Debt doesn’t usually go away, but debt collectors do have a limited amount of time to sue you to collect on a debt. This period of time is called the “statute of limitations,” and it usually starts when you first miss a payment on a debt. After the statute of limitations runs out, your unpaid debt is considered to be “time-barred.” That means the collector can no longer sue — or threaten to sue — you to pay the debt because so much time has passed. It’s against the law for a debt collector to sue you for not paying a debt that’s time-barred. If you do get sued for a time-barred debt, tell the judge that the statute of limitations has run out.
How long the statute of limitations lasts depends on what kind of debt it is and the law in your state — or the state specified in your credit contract or agreement creating the debt.
Under the laws of some states, if you make a payment or even acknowledge in writing that you owe the debt, then the debt isn’t time-barred anymore. The clock resets and a new statute of limitations period begins.
What debt won’t be erased by filing for personal bankruptcy?
Filing for personal bankruptcy usually won’t erase child support, alimony, fines, taxes, and most student loan obligations, unless you can prove undue hardship. And, unless you have an acceptable plan to catch up on your debt under Chapter 13, bankruptcy usually doesn’t let you keep property when your creditor has a lien or financial interest in it.

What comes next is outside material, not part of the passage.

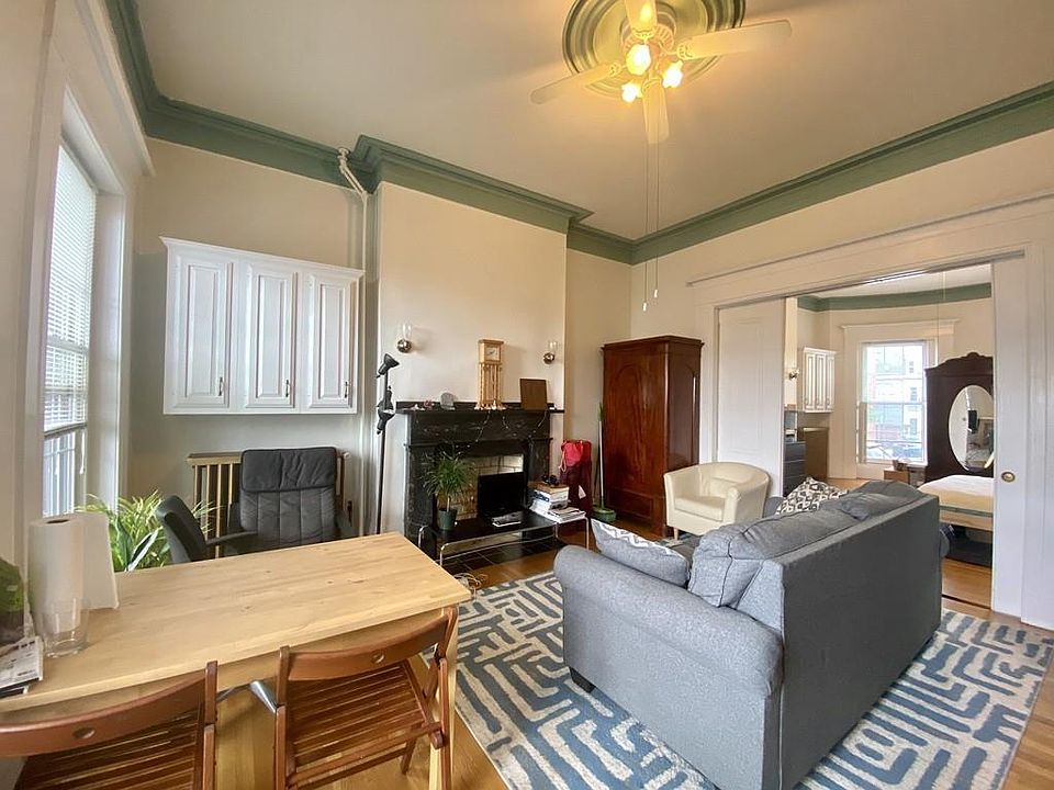 Charming parlor-level 1bd on the water-side of Webster St. in the heart of Jeffries Point. For those who appreciate classic architecture and detail this is the place for you. 14ft ceilings, 2 ornamental fireplaces and pocket doors that separate the living and bedroom areas. Enjoy views of historic Brophy Park out the over-sized front windows and step out on to your private rear deck to soak in the sunshine while watching the sailboats pass by on the Boston Harbor. Rent includes heat and water. Coin-op laundry and storage closet in basement. Steps to Award-wining Piers Park boasting incredible views of the Boston skyline, neighborhood eateries such as KO Pies, Cunard Tavern and The ReelHouse as well as many convenience stores and speciality shops. Only a 10 min walk from the Maverick Square T-stop. East Boston residents receive discounted toll. Available for July 15th-August 1st move-in. Video available upon request.

The Hardest Part of Getting Out of Debt
FAQ
Why is it difficult to get out of debt?
There are several reasons why some people find it difficult to pay off their debts: Income Instability: Many individuals face fluctuations in their income due to job loss, reduced hours, or changes in employment. This instability can make it hard to keep up with regular payments.
Is $20,000 in debt a lot?
If you’re carrying a significant balance, like $20,000 in credit card debt, a rate like that could have even more of a detrimental impact on your finances. The longer the balance goes unpaid, the more the interest charges compound, turning what could have been a manageable debt into a hefty financial burden.
What is the 777 rule with debt collectors?
How do I get myself out of extreme debt?
The most popular solutions for people in your situation are: Debt consolidation and cut-off of credit until you’ve paid a considerable portion Balance transfer to a lower interest card Call your creditors and work out a payment plan with them The longer you wait, the worse your financial situation will become.